Indexing vs. Importing

As my heavy use of DTP continues on half a year now, I’m finding myself again and again asking the question as to whether I should index or import my documents. Here are the benefits of indexing over importing:

  1. Does not strip away Word formatting.

  2. Files remain referencable (using file:// links) from all other applications.

  3. Files can be located via Spotlight.

  4. Files can be rearranged external to DTP using the Finder, with a simple Synchronize to incorporate the changes.

  5. Files can exist on separate volumes! This is important to me, as I have 3 categories of data: Private (on an encrypted volume), Reference, and Offline (for really huge stuff I don’t want to carry around everywhere).

  6. My database file does not become an enormous monolith (which is problematic when doing rsync updates, it copies nearly a gigabyte every time there are changes).

  7. Searching and replication still work great.

  8. PDF updates are easier to incorporate.

----- The advantages of importing over indexing:

  1. Files can be edited directly in DTP (or easily in TextMate using “Edit in TextMate…”).

  2. Labels are persistent (Finder labels do not synchronize to DTP).

So I wonder, if I don’t use DTP as my editor (which I never do), why really would I want to use Importing? It seems to cost me more than it gains.

John

John, there’s nothing wrong with your analysis, as Indexing clearly meets your needs. And currently, Indexing is especially appropriate if you have a large collection of Word files.

You might add one more advantage of Indexing, which is a somewhat lower memory footprint for loading the database, as well as smaller size of the database package file itself.

I’ve gone in the other direction, creating a number of topical databases that are self-contained (Imported) and which in total contain well over 100,000 documents. In my case, easy portability of the databases is important, and that was my driving reason for this approach.

There’s no ‘right or wrong’ prescription for choosing how to capture information. DT Pro provides flexibility to meet your needs.

I would encourage new users to start small, perhaps capturing just a few folders of files that especially interest them, and experiment. It’s usually a bad idea to start by ‘dumping’ the contents of a hard drive into a database, as this may or may not work well given the RAM and storage resources of the user’s computer.

The Backup Archive script (DT Pro’s Scripts > Export > Backup Archive) is highly recommended to make sure you have current internal and external backup of your database(s).

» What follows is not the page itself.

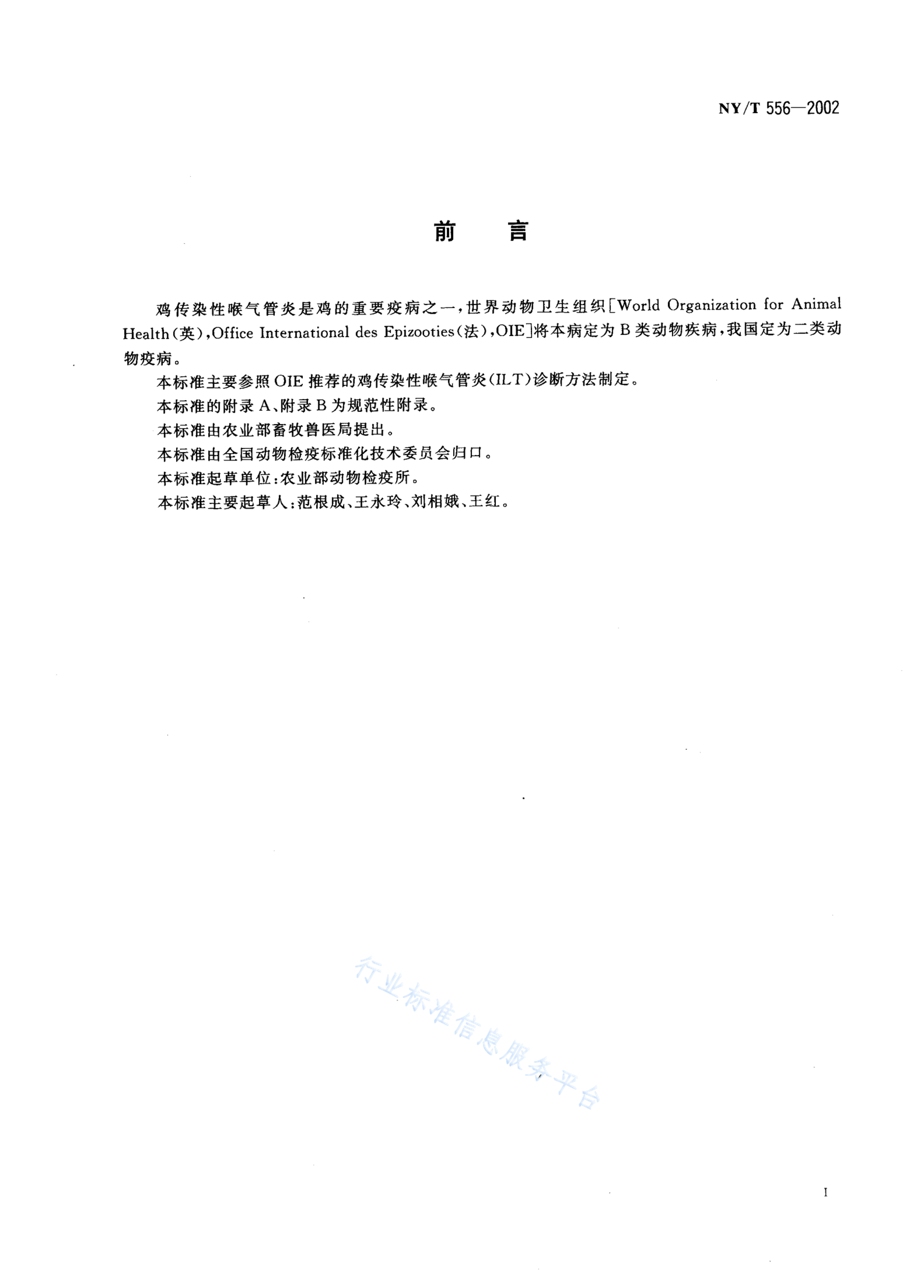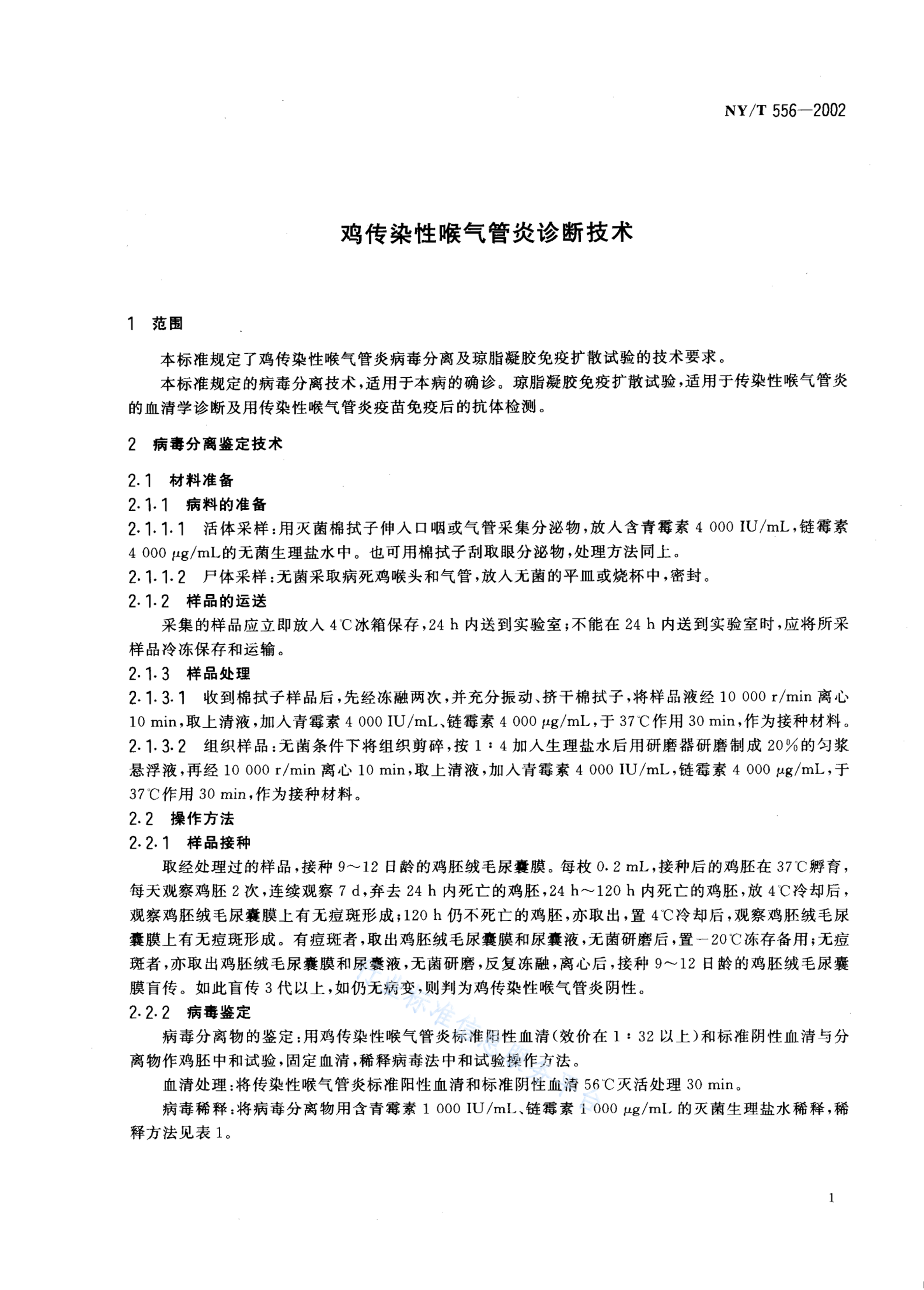 NY/T 556-2002 鸡传染性喉气管炎诊断技术

Thanks for the reply, Bill! Also, I forgot yet another advantage of Indexing:

If you capture a website locally (using SiteSucker or something similar), Importing it will break the links between pages (and links to the captured images), whereas Indexing will allow you to browse the site naturally.

John

I just watched the videocasts and realized that a) I hadn’t nearly begun to scratch the surface of what DT can do and b) I probably didn’t need to buy Yojimbo :-/

It’s like figuring out that the world isn’t nearly as flat as you thought it was.

I too was leaning towards indexing rather than importing, but one of the videos says that indexing is not recommended by DT, but didn’t really go on to say why.

Can someone elaborate?

Are imported files NOT visible via Spotlight?

They are not visible to Spotlight yet (until 2.0, from what I’ve heard).

After switching over to completely indexing everything, I’ve recently switched back to importing everything except for websites (which are not navigable after you do an import). So I keep a “Sites” folder where I put all website snapshot, and I index them in as needed; but everything else is imported.

Importing lets you edit-in-place, and it makes it easier to snarf a webarchive from a website (well, I could write a script to save it and then index it…). Importing just feels more solid, I’m not sure yet why.

John

Actually, all indexed (external) files are also indexed by Spotlight, although Spotlight has no way of knowing which files are also Index-captured into your database.

My own preference is for self-contained (Imported) databases, as I can easily move them from one computer to another, or distribute a database on DVD.

Warning: Don’t forget about those pesky Word .doc files, as these remain externally linked even when Import-captured. For those who do a lot of work using Word, Index-capturing those files may present fewer problems, i.e. ways of making mistakes when editing and saving.

Further to this thread, I have just tried importing an OmniOutliner file, but DTP seems to only be indexing it. That is, it seems to be there, and I can open it, but when I do it opens in OO, not in DTP. This isn’t a problem, really, I’m just confused. Does it matter? And is the document still searchable by DTP?

Thanks!

When you import files that DTP does not recognize natively (and you have to turn this on, in the Preferences), it will “psuedo-import” them. That it, it copies it into Database.dtBase/Files and then Indexes it. So, when you double-click on the Omni file, it is opening an actual file inside of Omni, and yet the file does sort of live within the Database package, it’s just not in the actual DT database proper.

I have found that such files are neither searchable by DT, nor searchable by Spotlight! It seems that Spotlight omits digging into packages.

John

Now I’m even more confused, not by your explanation, which is very clear, but because I thought it handled OPML files more easily than that.